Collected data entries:
=====

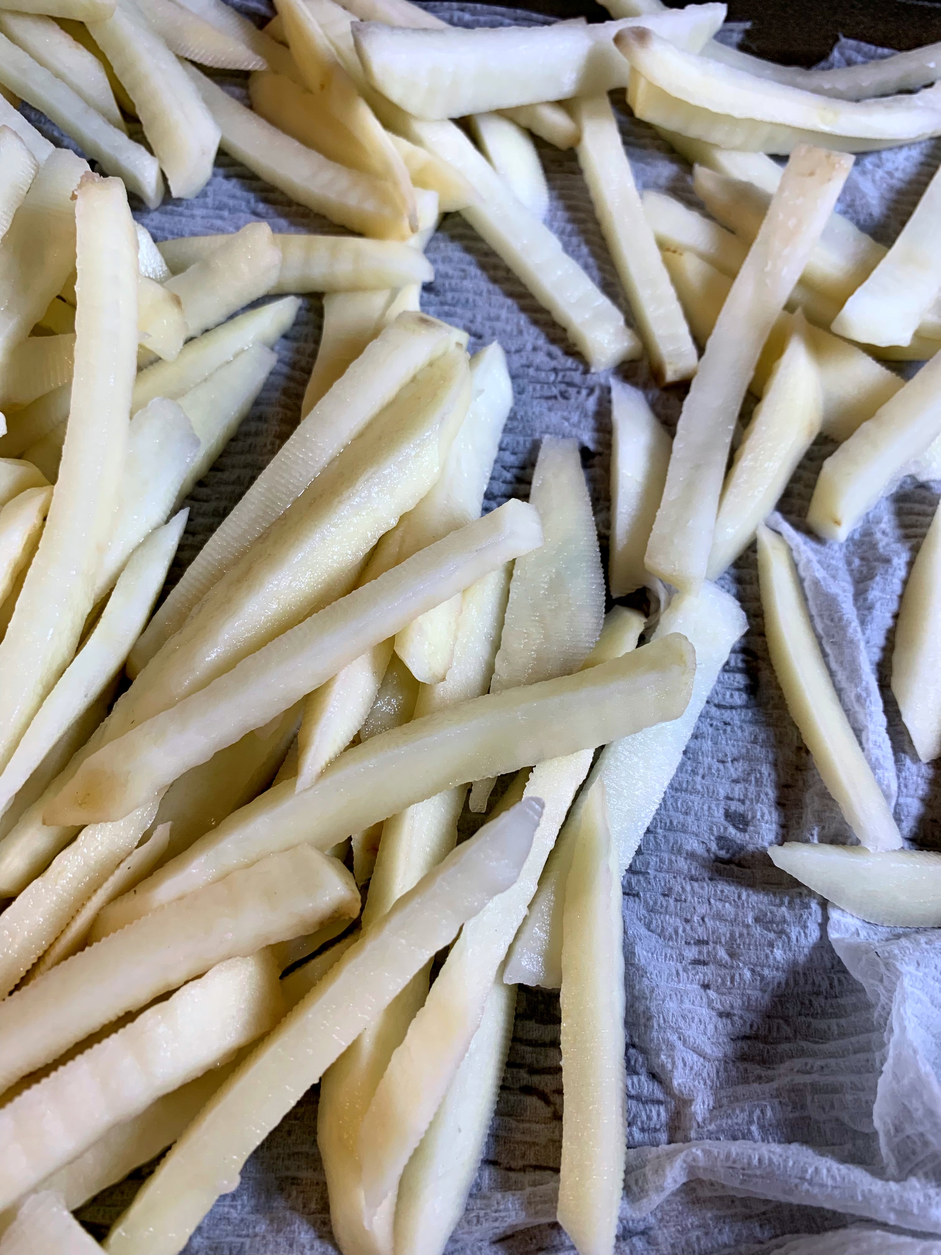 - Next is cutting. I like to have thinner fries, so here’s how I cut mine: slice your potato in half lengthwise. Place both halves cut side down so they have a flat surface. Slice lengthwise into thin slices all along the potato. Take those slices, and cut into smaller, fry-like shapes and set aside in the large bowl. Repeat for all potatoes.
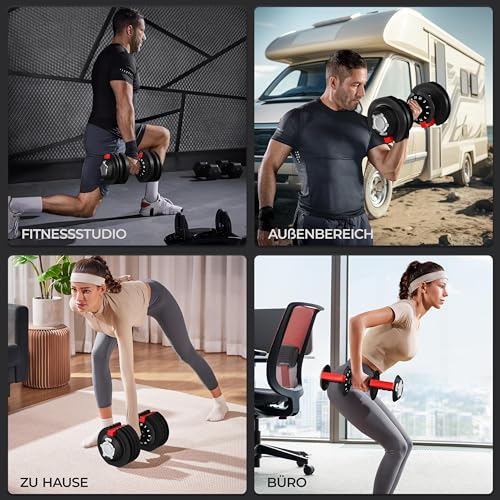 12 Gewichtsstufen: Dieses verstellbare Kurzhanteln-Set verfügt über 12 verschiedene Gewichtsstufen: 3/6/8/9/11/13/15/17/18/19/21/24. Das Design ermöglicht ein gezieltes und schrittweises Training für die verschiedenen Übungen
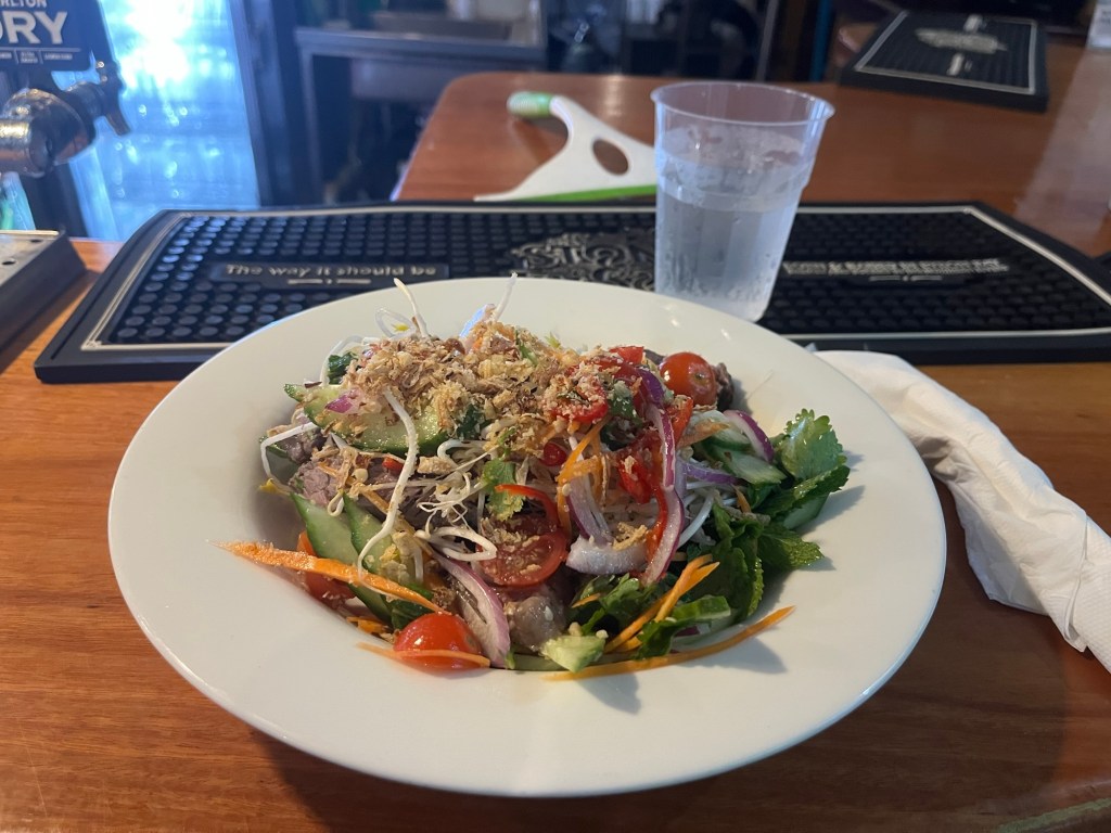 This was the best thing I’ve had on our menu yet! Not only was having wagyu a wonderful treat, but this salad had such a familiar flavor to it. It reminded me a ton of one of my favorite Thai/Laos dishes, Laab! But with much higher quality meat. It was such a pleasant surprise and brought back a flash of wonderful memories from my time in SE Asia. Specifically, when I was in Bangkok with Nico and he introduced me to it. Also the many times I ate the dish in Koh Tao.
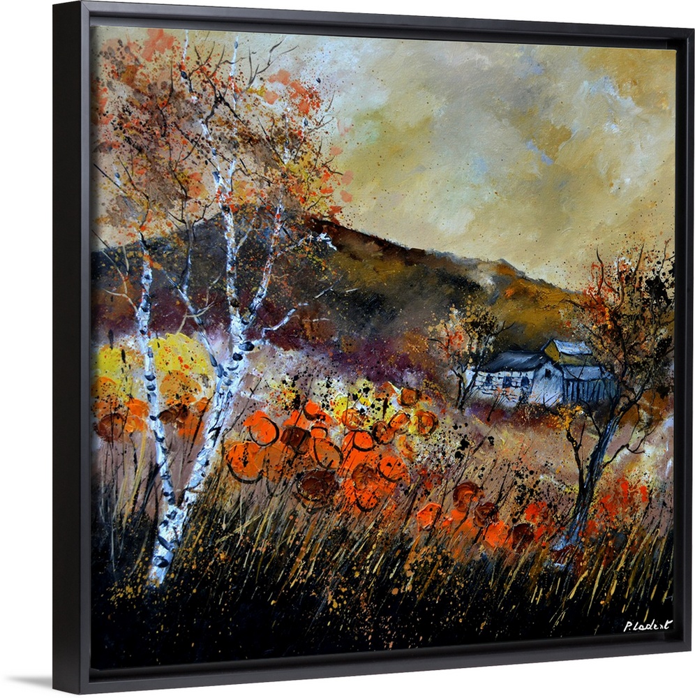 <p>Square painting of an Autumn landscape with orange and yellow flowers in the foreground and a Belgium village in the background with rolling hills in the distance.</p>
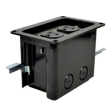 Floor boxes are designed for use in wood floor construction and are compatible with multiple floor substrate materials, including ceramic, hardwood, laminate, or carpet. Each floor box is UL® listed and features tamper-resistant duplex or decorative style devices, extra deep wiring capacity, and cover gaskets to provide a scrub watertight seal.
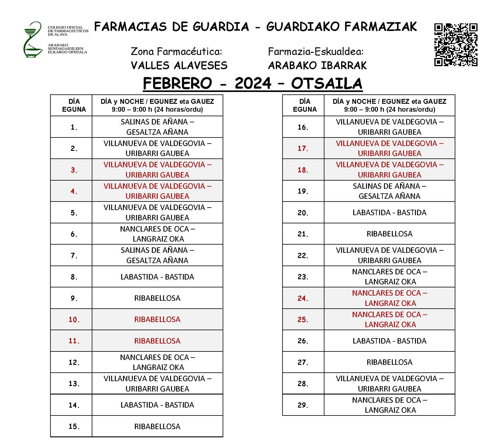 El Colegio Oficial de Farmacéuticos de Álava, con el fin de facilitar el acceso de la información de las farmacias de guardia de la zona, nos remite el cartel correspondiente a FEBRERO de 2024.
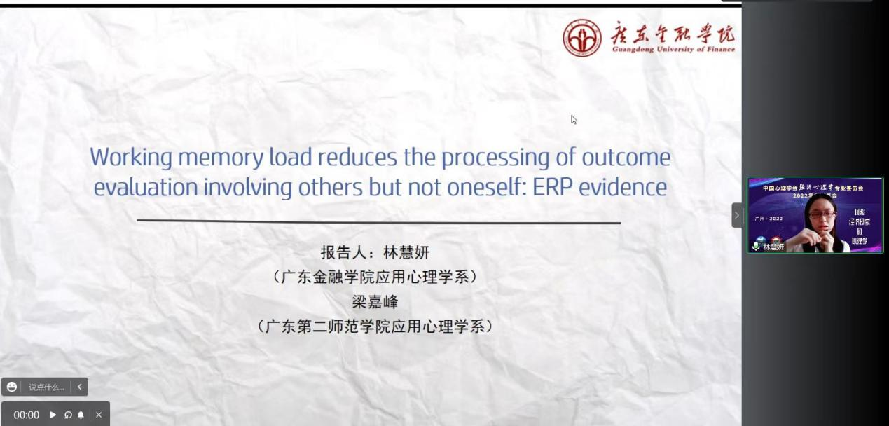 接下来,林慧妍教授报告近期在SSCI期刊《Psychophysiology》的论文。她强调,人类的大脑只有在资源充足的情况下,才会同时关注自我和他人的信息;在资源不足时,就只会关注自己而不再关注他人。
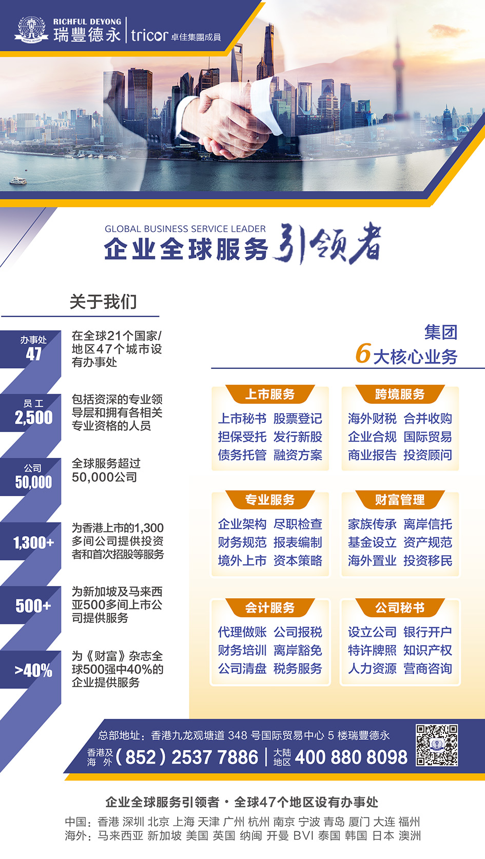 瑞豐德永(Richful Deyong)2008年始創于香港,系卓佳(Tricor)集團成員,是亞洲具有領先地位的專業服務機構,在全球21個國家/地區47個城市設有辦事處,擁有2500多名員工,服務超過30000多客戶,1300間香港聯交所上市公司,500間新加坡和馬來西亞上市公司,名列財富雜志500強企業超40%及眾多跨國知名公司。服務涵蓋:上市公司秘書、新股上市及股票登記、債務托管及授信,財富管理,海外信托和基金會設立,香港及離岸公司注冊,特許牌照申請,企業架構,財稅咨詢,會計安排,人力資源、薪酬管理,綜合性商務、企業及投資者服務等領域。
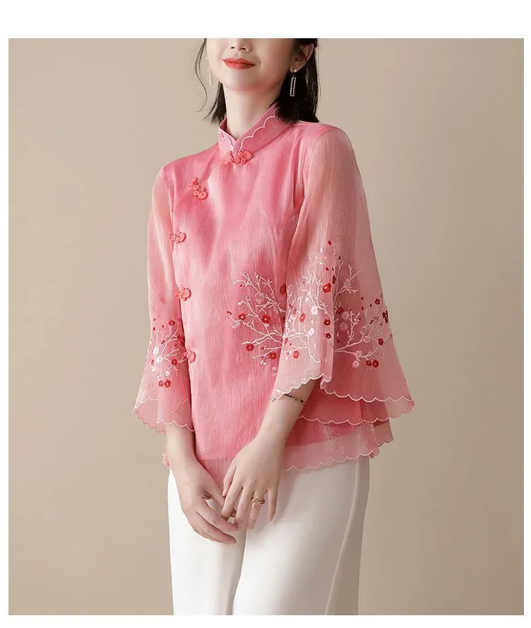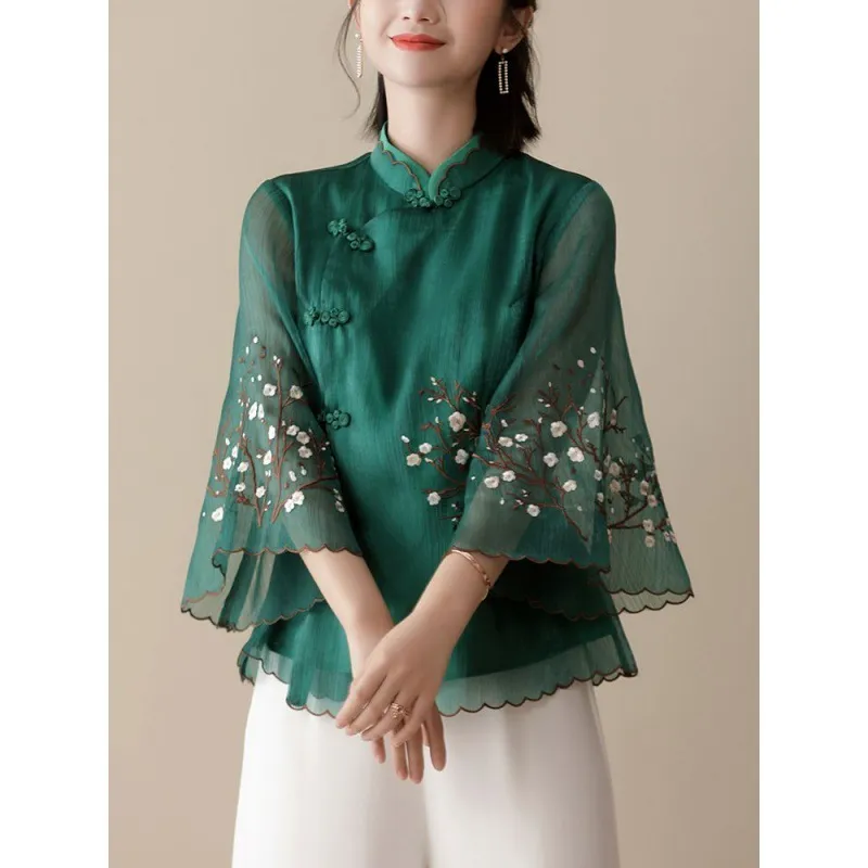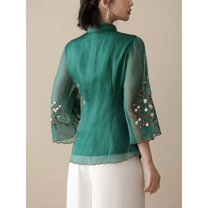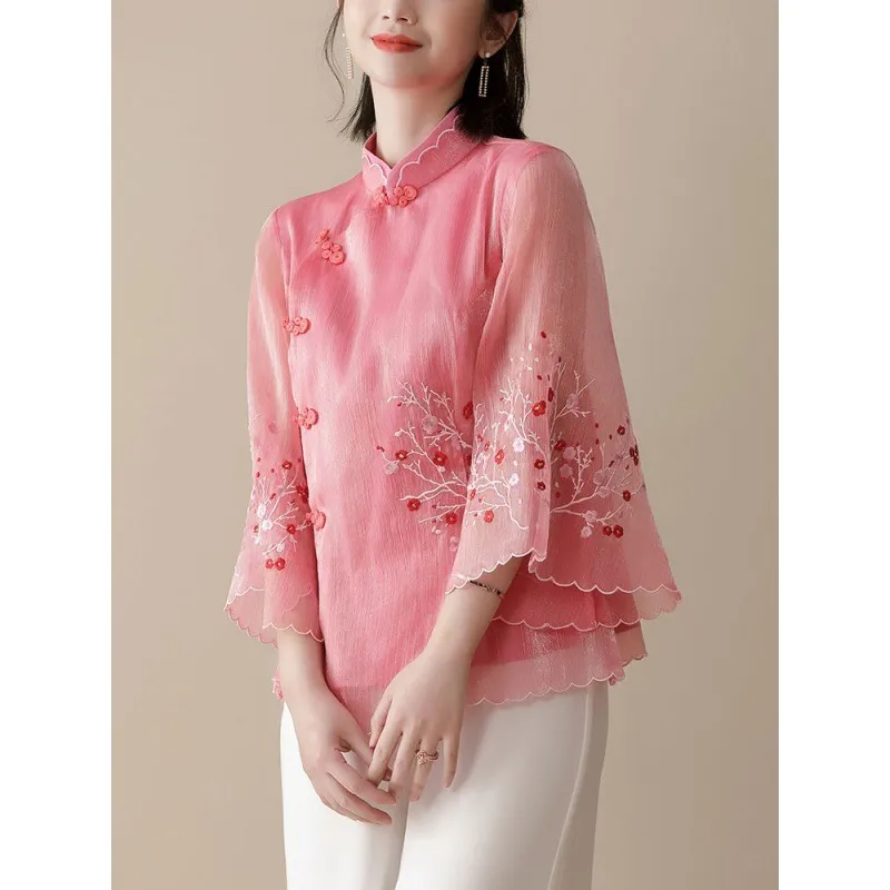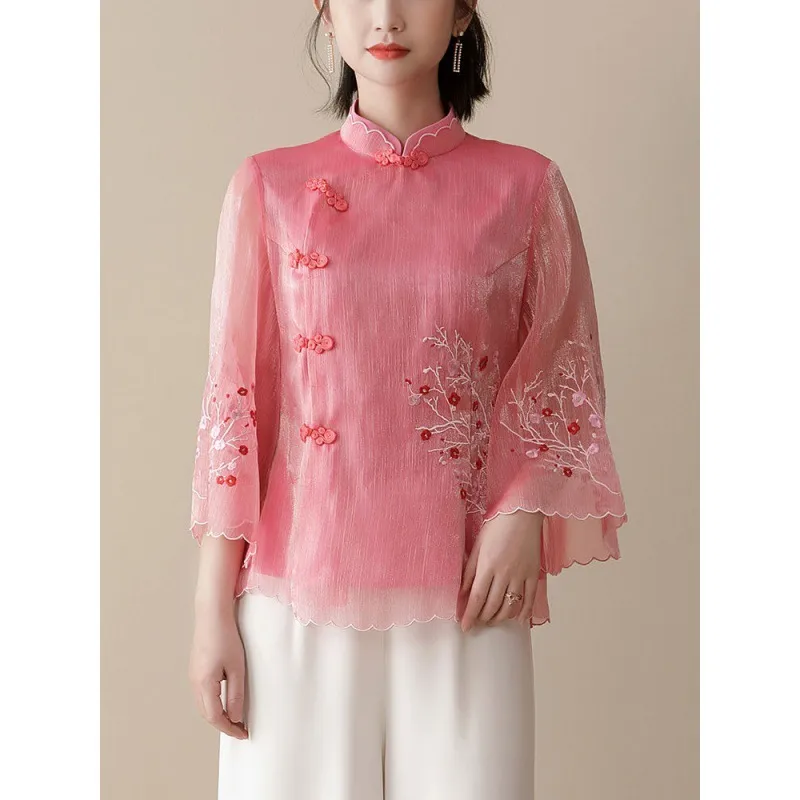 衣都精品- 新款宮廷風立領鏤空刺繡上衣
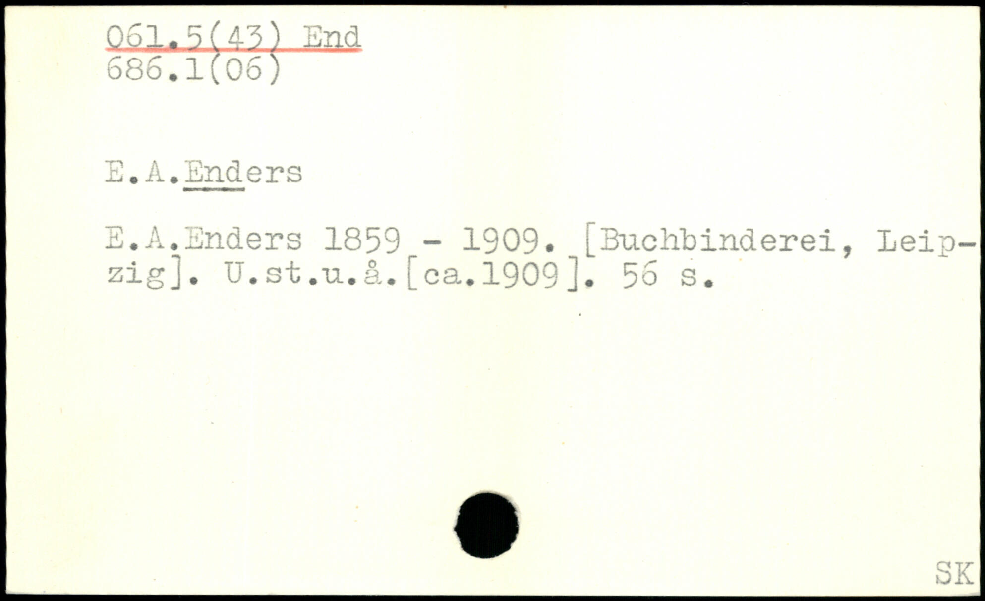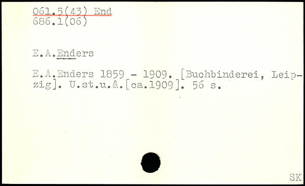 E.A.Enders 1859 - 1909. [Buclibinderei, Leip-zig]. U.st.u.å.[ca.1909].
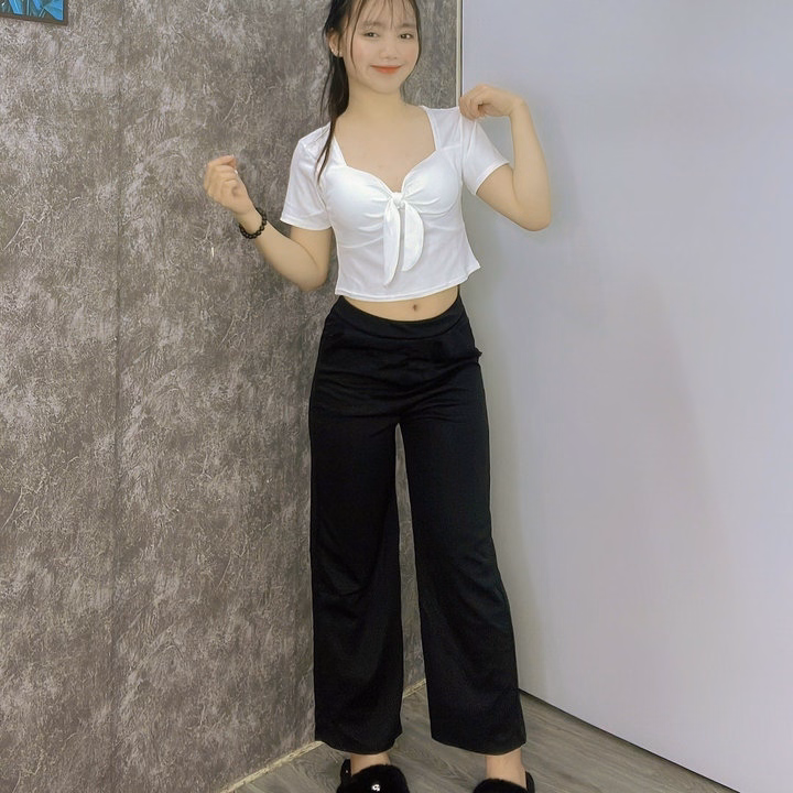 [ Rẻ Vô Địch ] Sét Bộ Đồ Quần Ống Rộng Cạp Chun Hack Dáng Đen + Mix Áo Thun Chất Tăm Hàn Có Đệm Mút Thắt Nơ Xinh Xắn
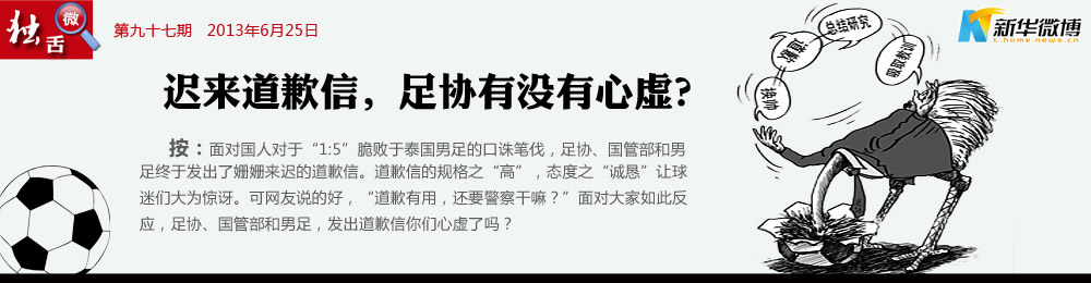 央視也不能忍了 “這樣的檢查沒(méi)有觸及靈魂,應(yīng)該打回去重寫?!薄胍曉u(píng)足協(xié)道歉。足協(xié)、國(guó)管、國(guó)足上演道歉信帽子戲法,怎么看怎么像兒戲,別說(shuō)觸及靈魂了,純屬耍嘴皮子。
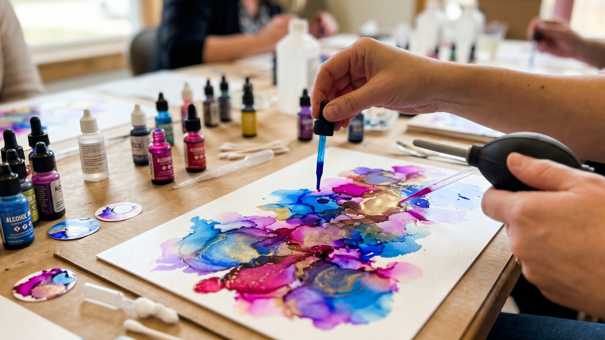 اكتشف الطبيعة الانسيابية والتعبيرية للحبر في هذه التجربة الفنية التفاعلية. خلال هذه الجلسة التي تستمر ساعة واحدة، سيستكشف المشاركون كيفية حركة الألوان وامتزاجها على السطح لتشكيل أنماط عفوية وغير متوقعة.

=====

Because only the text is wanted, repeat all the entries exactly and leave out the pictures.

### REPLY TO THE EXERCISE
 - Next is cutting. I like to have thinner fries, so here’s how I cut mine: slice your potato in half lengthwise. Place both halves cut side down so they have a flat surface. Slice lengthwise into thin slices all along the potato. Take those slices, and cut into smaller, fry-like shapes and set aside in the large bowl. Repeat for all potatoes.
 12 Gewichtsstufen: Dieses verstellbare Kurzhanteln-Set verfügt über 12 verschiedene Gewichtsstufen: 3/6/8/9/11/13/15/17/18/19/21/24. Das Design ermöglicht ein gezieltes und schrittweises Training für die verschiedenen Übungen
 This was the best thing I’ve had on our menu yet! Not only was having wagyu a wonderful treat, but this salad had such a familiar flavor to it. It reminded me a ton of one of my favorite Thai/Laos dishes, Laab! But with much higher quality meat. It was such a pleasant surprise and brought back a flash of wonderful memories from my time in SE Asia. Specifically, when I was in Bangkok with Nico and he introduced me to it. Also the many times I ate the dish in Koh Tao.
 <p>Square painting of an Autumn landscape with orange and yellow flowers in the foreground and a Belgium village in the background with rolling hills in the distance.</p>
 Floor boxes are designed for use in wood floor construction and are compatible with multiple floor substrate materials, including ceramic, hardwood, laminate, or carpet. Each floor box is UL® listed and features tamper-resistant duplex or decorative style devices, extra deep wiring capacity, and cover gaskets to provide a scrub watertight seal.
 El Colegio Oficial de Farmacéuticos de Álava, con el fin de facilitar el acceso de la información de las farmacias de guardia de la zona, nos remite el cartel correspondiente a FEBRERO de 2024.
 接下来,林慧妍教授报告近期在SSCI期刊《Psychophysiology》的论文。她强调,人类的大脑只有在资源充足的情况下,才会同时关注自我和他人的信息;在资源不足时,就只会关注自己而不再关注他人。
 瑞豐德永(Richful Deyong)2008年始創于香港,系卓佳(Tricor)集團成員,是亞洲具有領先地位的專業服務機構,在全球21個國家/地區47個城市設有辦事處,擁有2500多名員工,服務超過30000多客戶,1300間香港聯交所上市公司,500間新加坡和馬來西亞上市公司,名列財富雜志500強企業超40%及眾多跨國知名公司。服務涵蓋:上市公司秘書、新股上市及股票登記、債務托管及授信,財富管理,海外信托和基金會設立,香港及離岸公司注冊,特許牌照申請,企業架構,財稅咨詢,會計安排,人力資源、薪酬管理,綜合性商務、企業及投資者服務等領域。
 衣都精品- 新款宮廷風立領鏤空刺繡上衣
 E.A.Enders 1859 - 1909. [Buclibinderei, Leip-zig]. U.st.u.å.[ca.1909].
 [ Rẻ Vô Địch ] Sét Bộ Đồ Quần Ống Rộng Cạp Chun Hack Dáng Đen + Mix Áo Thun Chất Tăm Hàn Có Đệm Mút Thắt Nơ Xinh Xắn
 央視也不能忍了 “這樣的檢查沒(méi)有觸及靈魂,應(yīng)該打回去重寫?!薄胍曉u(píng)足協(xié)道歉。足協(xié)、國(guó)管、國(guó)足上演道歉信帽子戲法,怎么看怎么像兒戲,別說(shuō)觸及靈魂了,純屬耍嘴皮子。
 اكتشف الطبيعة الانسيابية والتعبيرية للحبر في هذه التجربة الفنية التفاعلية. خلال هذه الجلسة التي تستمر ساعة واحدة، سيستكشف المشاركون كيفية حركة الألوان وامتزاجها على السطح لتشكيل أنماط عفوية وغير متوقعة.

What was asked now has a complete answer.